═══ Supplied records ═══

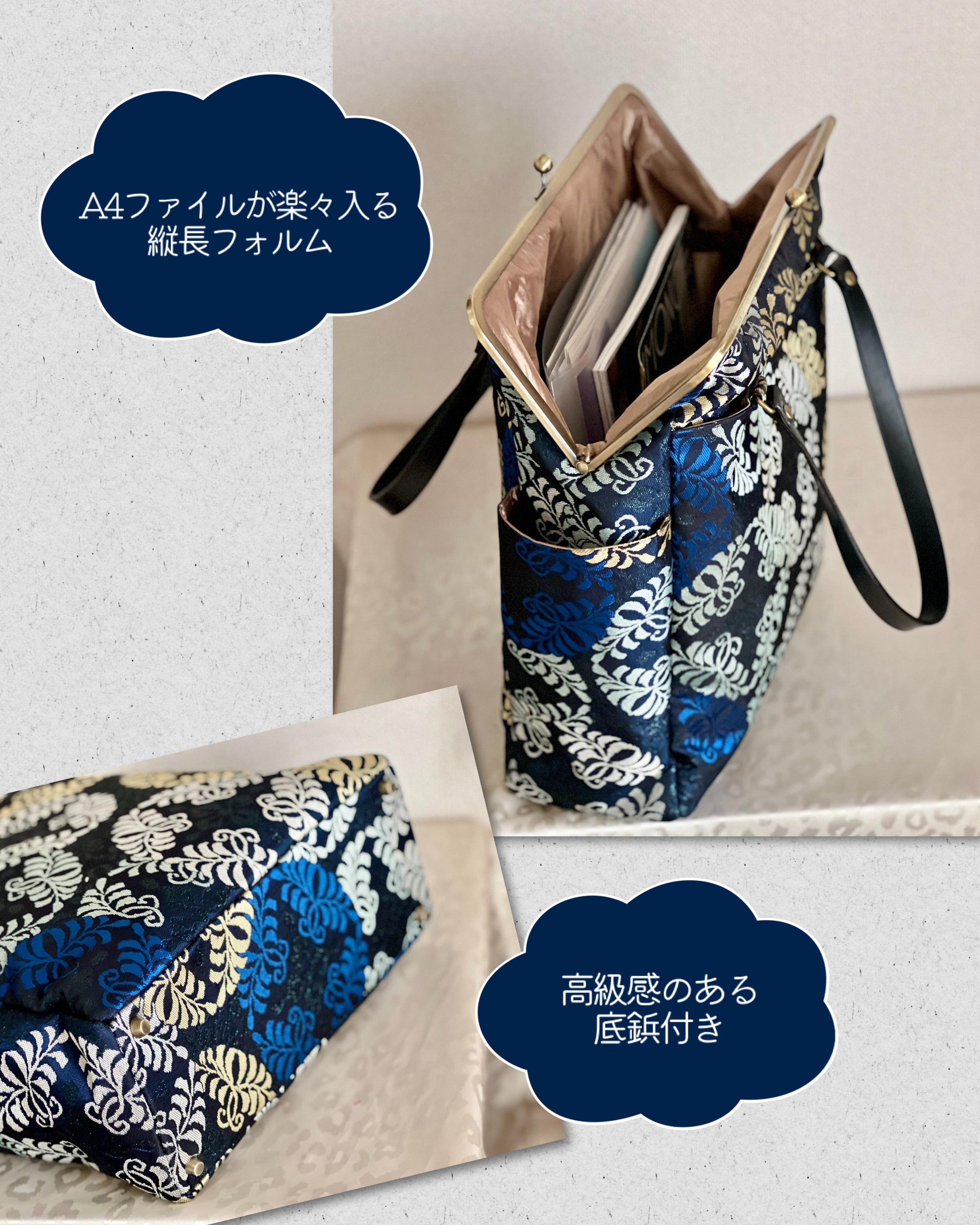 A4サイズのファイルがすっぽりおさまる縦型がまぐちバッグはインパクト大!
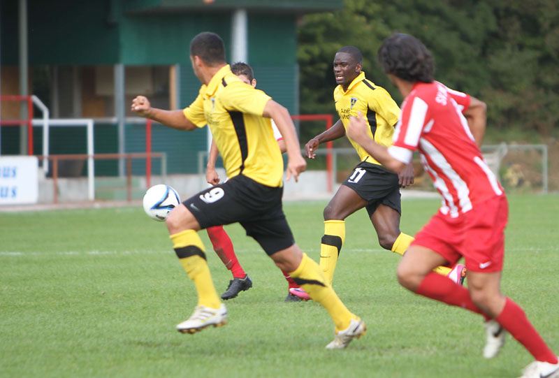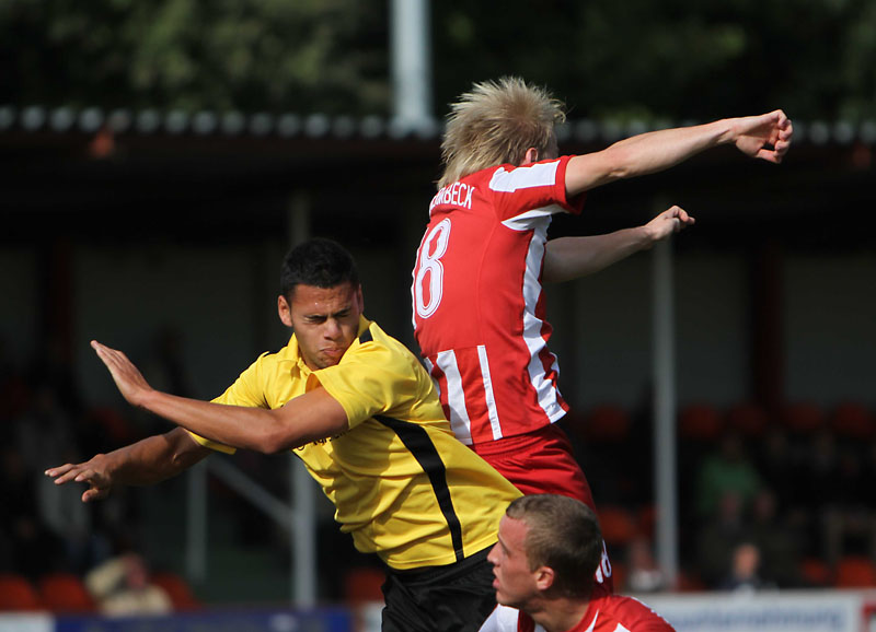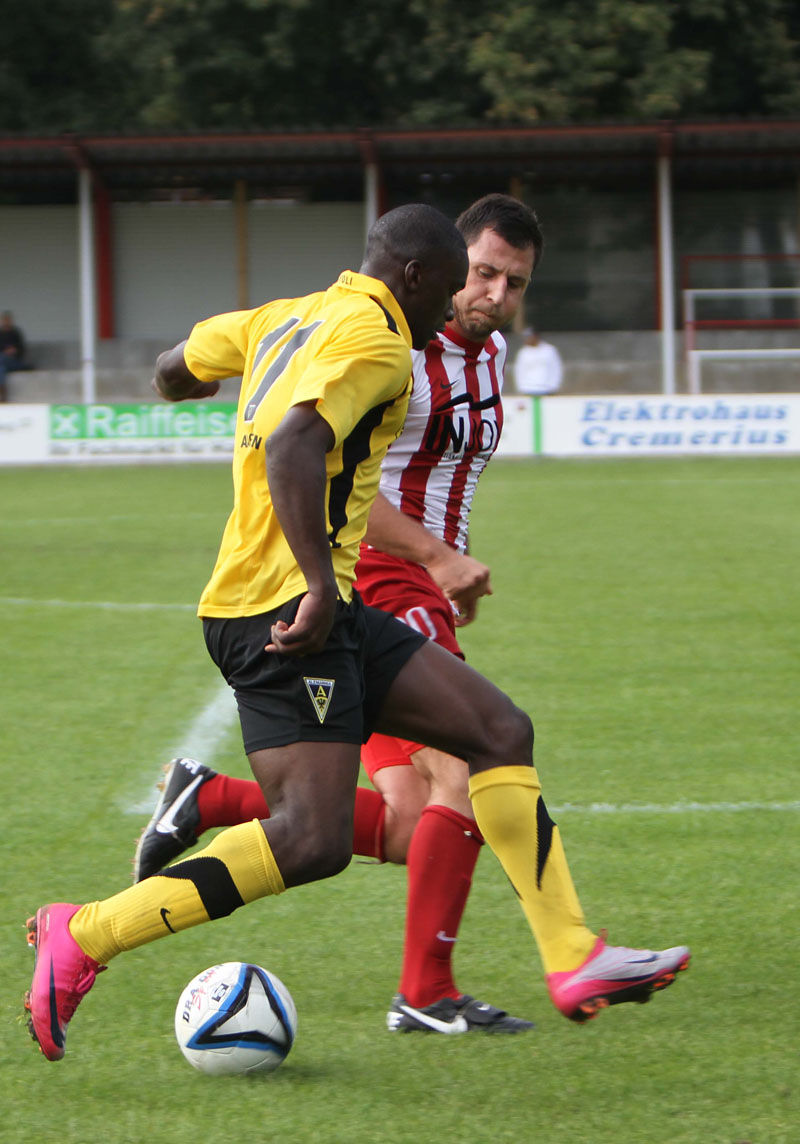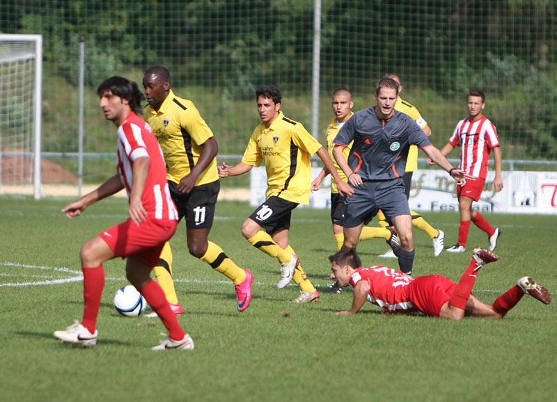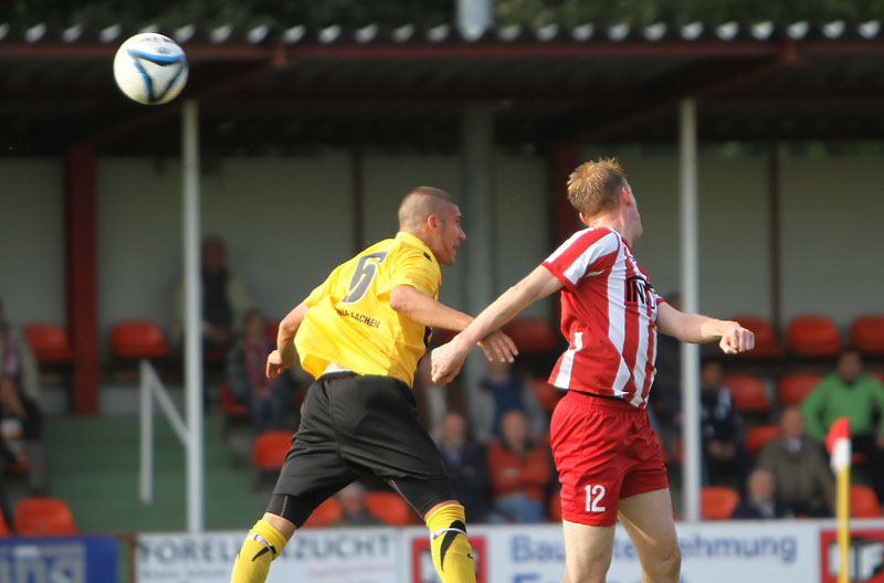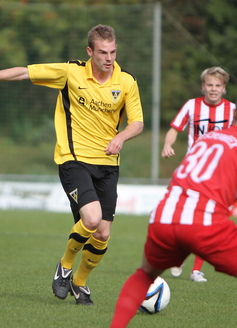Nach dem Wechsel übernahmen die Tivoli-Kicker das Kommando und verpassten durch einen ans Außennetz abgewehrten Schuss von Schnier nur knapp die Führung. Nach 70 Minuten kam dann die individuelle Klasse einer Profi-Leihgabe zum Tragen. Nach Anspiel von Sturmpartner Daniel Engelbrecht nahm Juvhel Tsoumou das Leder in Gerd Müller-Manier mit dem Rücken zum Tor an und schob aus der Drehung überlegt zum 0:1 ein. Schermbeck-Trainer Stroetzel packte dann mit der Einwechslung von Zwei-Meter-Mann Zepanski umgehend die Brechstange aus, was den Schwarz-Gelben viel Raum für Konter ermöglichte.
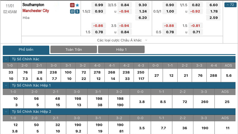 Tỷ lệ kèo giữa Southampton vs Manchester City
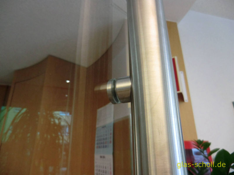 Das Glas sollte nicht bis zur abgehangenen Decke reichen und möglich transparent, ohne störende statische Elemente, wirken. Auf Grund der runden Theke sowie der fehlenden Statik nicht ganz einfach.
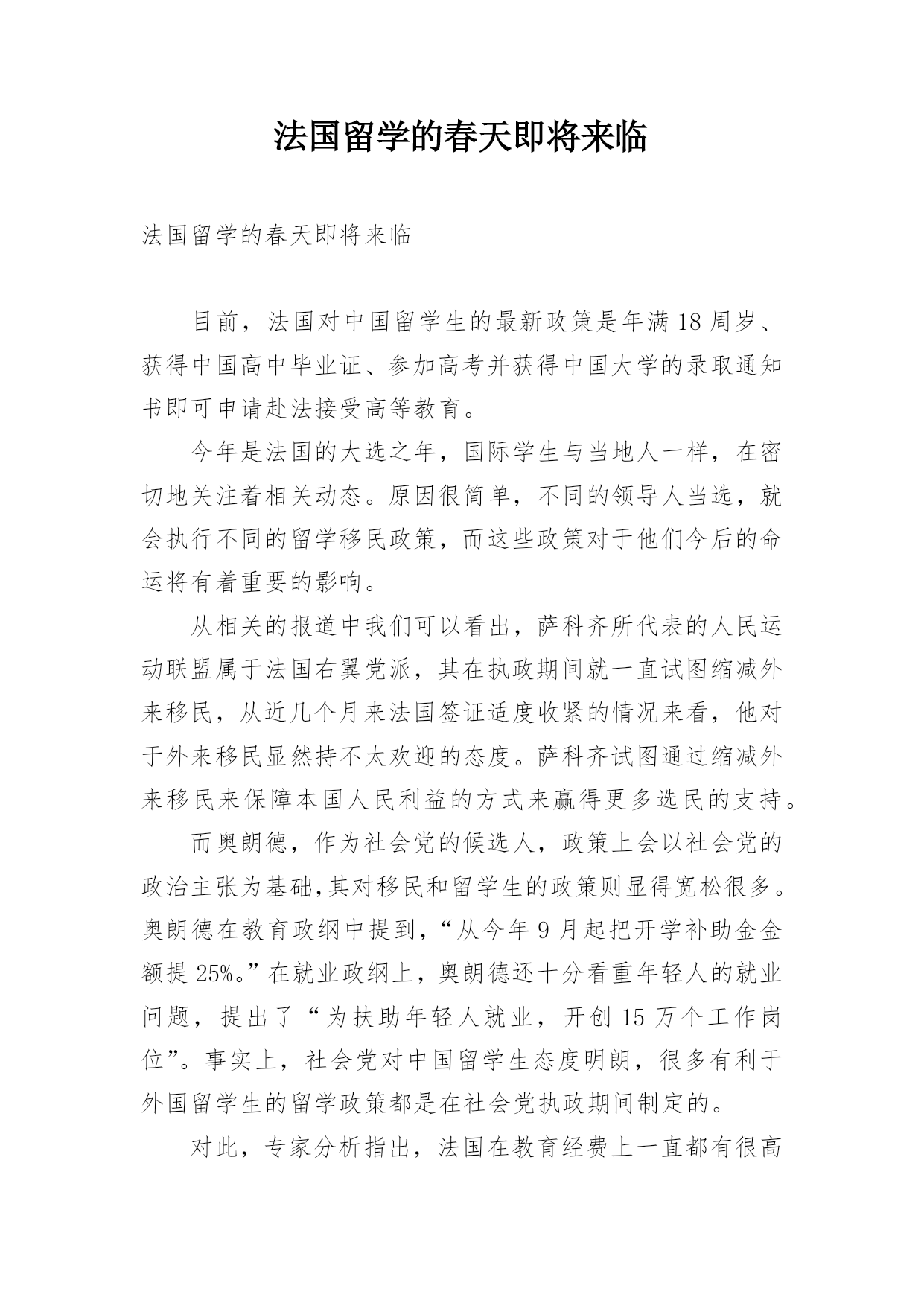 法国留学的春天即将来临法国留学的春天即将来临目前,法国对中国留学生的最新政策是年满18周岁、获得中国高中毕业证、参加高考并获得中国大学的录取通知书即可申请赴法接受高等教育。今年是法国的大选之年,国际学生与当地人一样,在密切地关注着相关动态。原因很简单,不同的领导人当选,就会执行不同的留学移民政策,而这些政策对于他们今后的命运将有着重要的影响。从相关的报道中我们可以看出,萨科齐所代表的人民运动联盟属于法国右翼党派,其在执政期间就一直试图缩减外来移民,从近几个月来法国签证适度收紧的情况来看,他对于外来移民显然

═══

| What to work on |
Copy nothing but the lines above from the one with "Nach dem Wechsel" to the one with "Tỷ lệ kèo giữa", inclusive, word for word. Leave every picture out.

| Result of the task |
Nach dem Wechsel übernahmen die Tivoli-Kicker das Kommando und verpassten durch einen ans Außennetz abgewehrten Schuss von Schnier nur knapp die Führung. Nach 70 Minuten kam dann die individuelle Klasse einer Profi-Leihgabe zum Tragen. Nach Anspiel von Sturmpartner Daniel Engelbrecht nahm Juvhel Tsoumou das Leder in Gerd Müller-Manier mit dem Rücken zum Tor an und schob aus der Drehung überlegt zum 0:1 ein. Schermbeck-Trainer Stroetzel packte dann mit der Einwechslung von Zwei-Meter-Mann Zepanski umgehend die Brechstange aus, was den Schwarz-Gelben viel Raum für Konter ermöglichte.
 Tỷ lệ kèo giữa Southampton vs Manchester City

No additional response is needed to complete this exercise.